Laughing at the stupid comments and obvious psychological disorders of the cast is easy to do when they are far from your movie theater chair, which recline and have enough foot room to leave you comfortable in your distasteful viewing pleasure. Even when you know it’s really sad and pathetic, it’s a little hard not to laugh, which is what you’re supposed to be doing anyway. Take the hysterical mumblings of the model Casey, which are pitiful but way too absurd not to savor. In an all too revealing moment, he looks in the mirror drunk and casually remarks, “Why don’t I just shoot myself in the face?” He begs all the girls in the house to make out with him in the shower, and when they don’t, he whines. Similarly, Sarah has a boyfriend from home but develops a crush on Matt, but when he hooks up with someone else, the drama that ensues is just as silly as her rationalizations for her anger. He punches in a closet door, while she maintains that she never liked him, forgetting in grand Real World fashion that we know she’s a liar because we just heard everything she had previously said. In fact, she repeats herself and adds, “I am going home to the best boyfriend in the world,” whom she never really mentioned up until this rejection. Lucky man that boyfriend is.
The thing about this movie is that, as much as people deny it, all this ridiculousness is kind of familiar. The reality of the Cancun experiences is too close to home, as most teenagers have an “I don’t remember that whole trip…” or “my friend woke up in a random hotel room with a sore (insert word here)” spring break story. Fortunately, this movie gives all of those with or without such stories a chance to harmlessly observe and critique the sinful, caloric good badness of it all.
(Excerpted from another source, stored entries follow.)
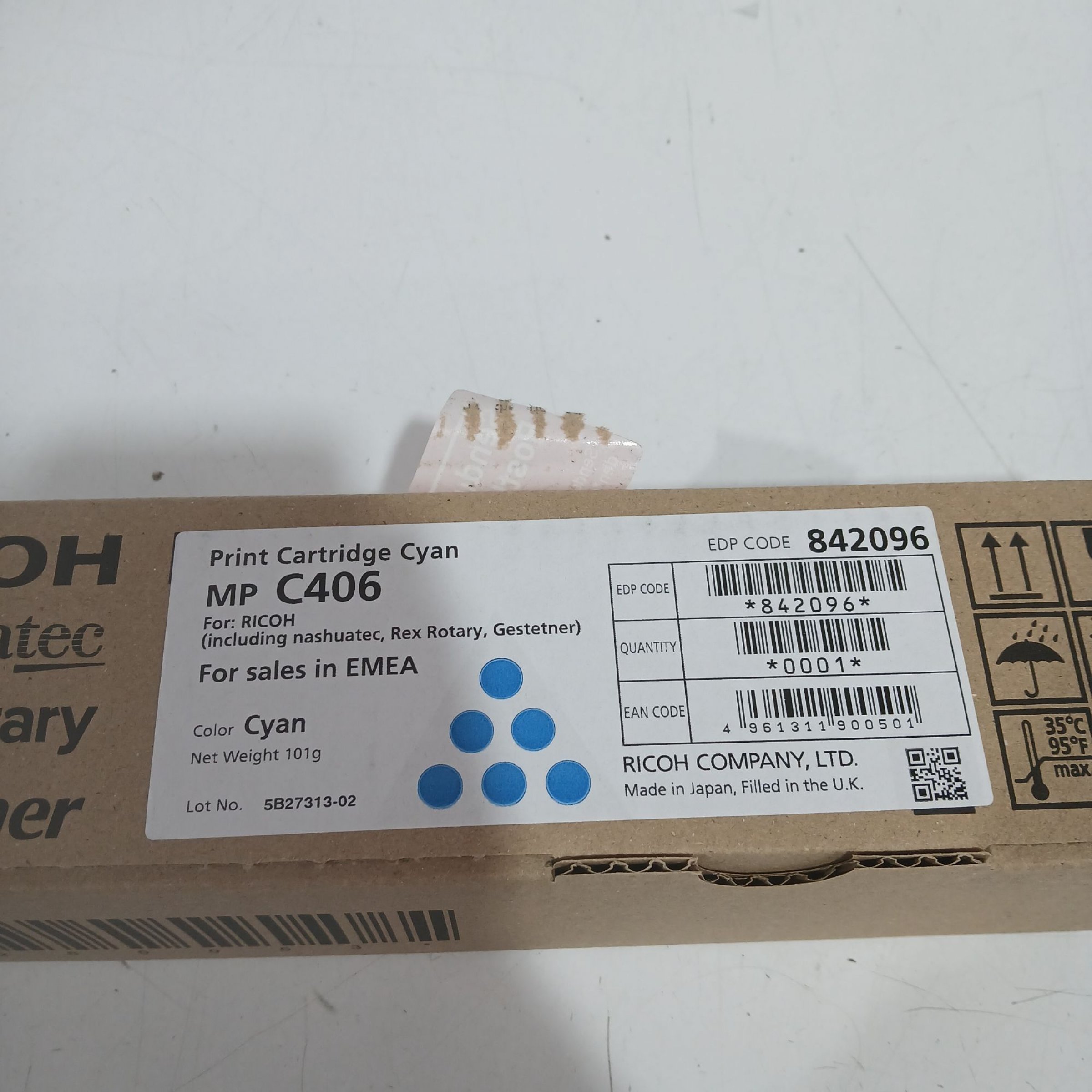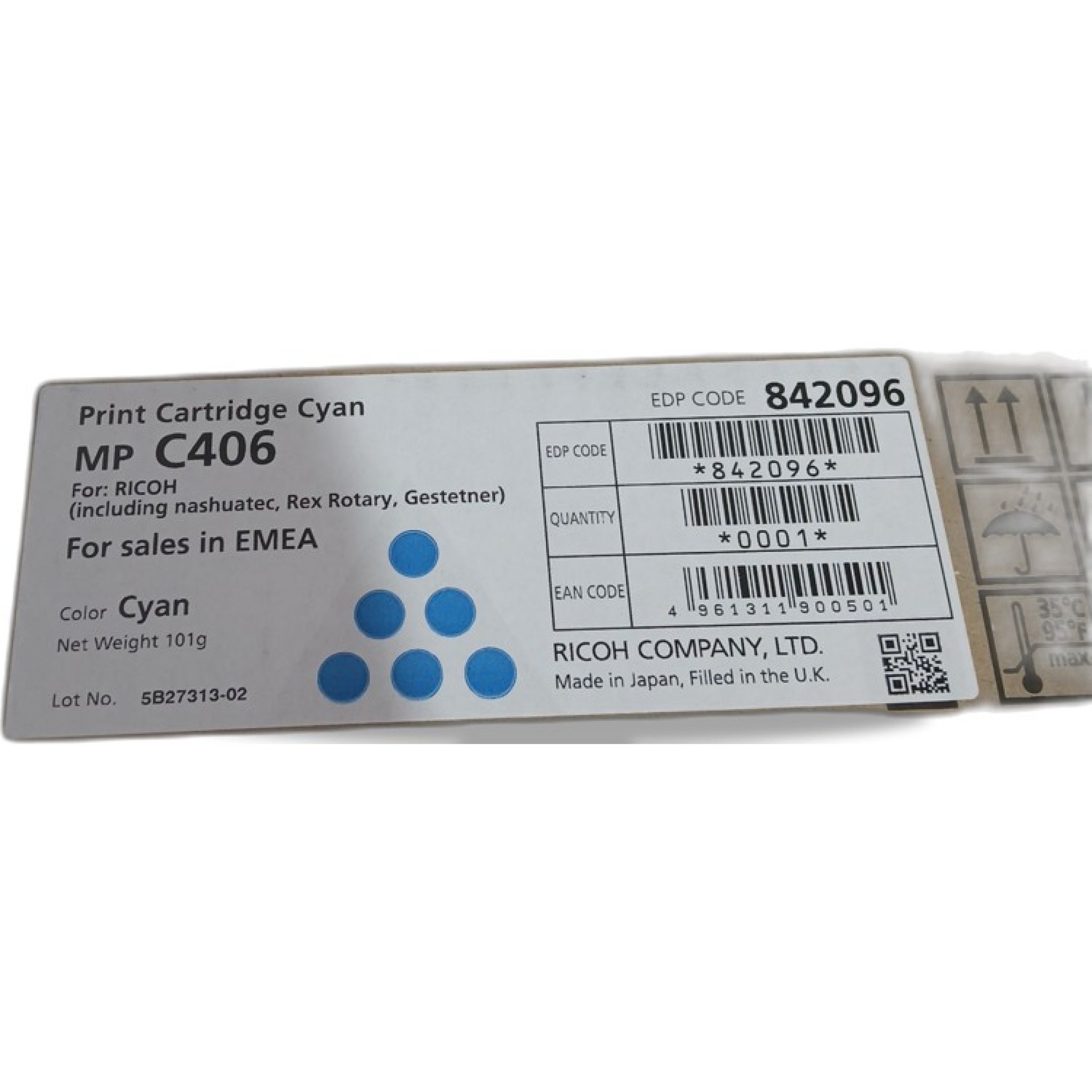 1 Stk. Ricoh Print Cartridge Cyan MP C406 101g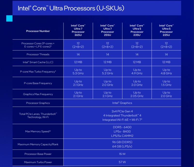 No total, a Intel lançou quatro modelos Core Ultra 200U, e cada um deles possui 12 núcleos – dois núcleos P, oito núcleos E e dois núcleos LP-E de baixo consumo de energia. Os processadores diferem em frequências: o Core Ultra 7 265U mais antigo acelera para 5,3 GHz, enquanto o Core Ultra 5 225U mais jovem pode ostentar apenas 4,9 GHz. Os valores base e máximo de TDP são definidos em 15 W e 57 W, respectivamente.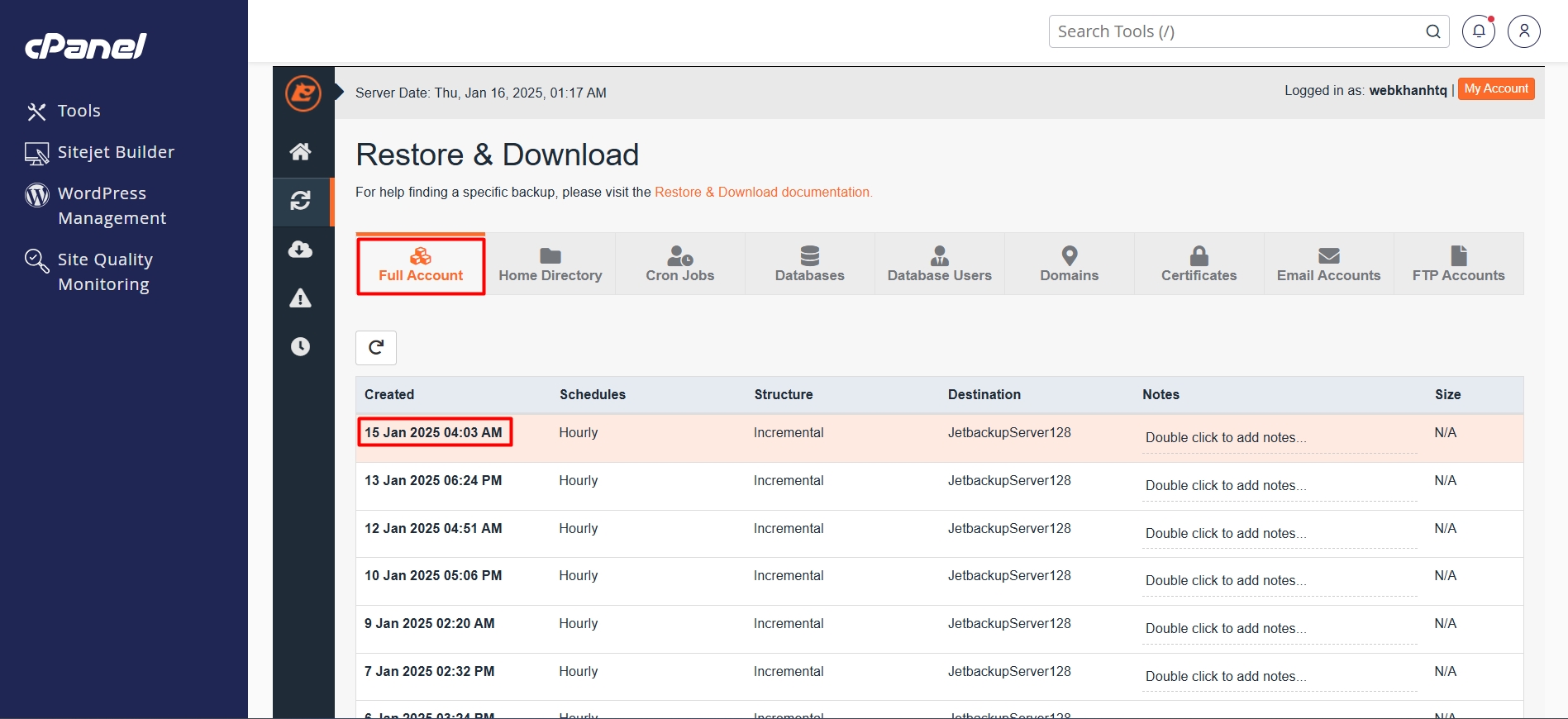 Thông tin thêm: Bạn cũng có thể chọn Download (bên phải nút Restore) để tải xuống bản sao lưu tài khoản cPanel.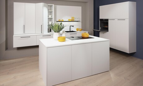 Ein neuer Trend: Erst waren es Unterschrankzeilen, die wandhängend montiert wurden. Inzwischen ist es möglich, ganze Küchen- und Gerätehochschränke ohne Sockel stabil in der Wand zu verschrauben, sodass sie hoch über dem Küchenboden hängen. Diese aus der Badplanung inspirierte Gestaltung verleiht Küchen eine elegante, minimalistische Anmutung und sorgt zugleich für eine optische Vergrößerung des Raums, da mehr Bodenfläche sichtbar bleibt.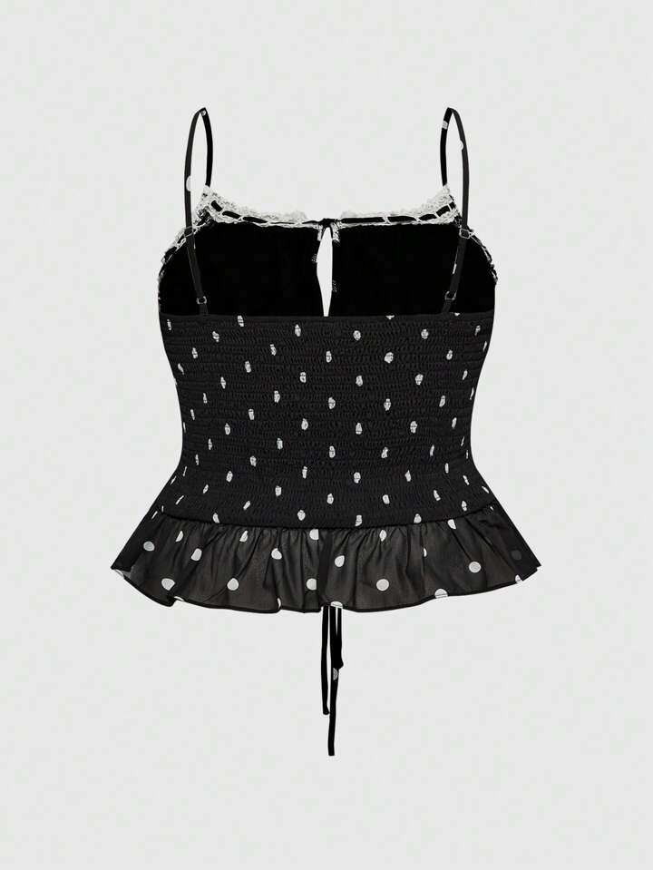 ROMWE Avant Plus Size Sicilian Vacation Retro Polka Dot Hollow Lace-Up Multilayer Camisole

The movie is a gift to the critic in all of us, even if, after a good laugh, the joys of voyeuristic distaste, and the contentment of condescension, we would all call it crap. I won’t make that mistake, and neither should you. Embrace it for the good and dirty fun that it is and thank the cast for being yet another reminder why it’s a bad idea to do a reality show, laughing at them all the while.